Together, all the figures of the painting form an ellipse, to which is added a triangle formed by lines traced by the heads of the figures in the foreground and the lines created by the figures positioned on the steps (Fig. 5). Behind this rigorous spatial construction, which is further reinforced by the presence of the staircase and the paving, other lines of construction, not as easily noticeable, are formed by the colours of the image and reinforce its meaningful coherence. The painter establishes a chromatic rhythm that allows the eye to lose itself in the crowd of characters without straying from the path marked out by the painter up to the couple formed by Christ and his mother. If the eye focuses on any of the colours in the altarpiece, it cannot but end upon the central scene. Our gaze is drawn to the green of Saint Nicholas’s chasuble in the foreground, then to the cloak of Saint Agnes on the right, then to the cloak of the starry-veiled saint, and finally to the seventh step of the staircase, and, following the movement of the staircase, to the Virgin Mary and Christ.

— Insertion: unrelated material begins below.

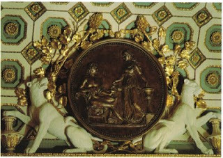 On the first floor, or piano nobile, the main rooms were meant to be impressive, yet welcoming; elaborate, yet comfortable; stunning, yet comprehensible to those who had enjoyed a classical education (as one might expect all who qualified to enter here to have had). The imposing Great Room is used for balls, for dining, or receptions. One can hardly imagine what luminaries of British politics and society graced it. Again, if only walls could speak. What did the Duke whisper to the Countess? And what did the Prime Minister confide to the Prince? And was that the dowager over there, winking at the handsome footman? My, my.

In the same way, the red of Saint Mary Magdalene’s cloak –one of the only bright reds in the painting– leads directly to the fourth step of the staircase, which again brings our gaze up to the stone canopy. It can also be seen that by linking the blue garments of Saint Louis and Saint Cecilia with those of the two angels framing the mother and son, two parallel lines trace a path to the central scene.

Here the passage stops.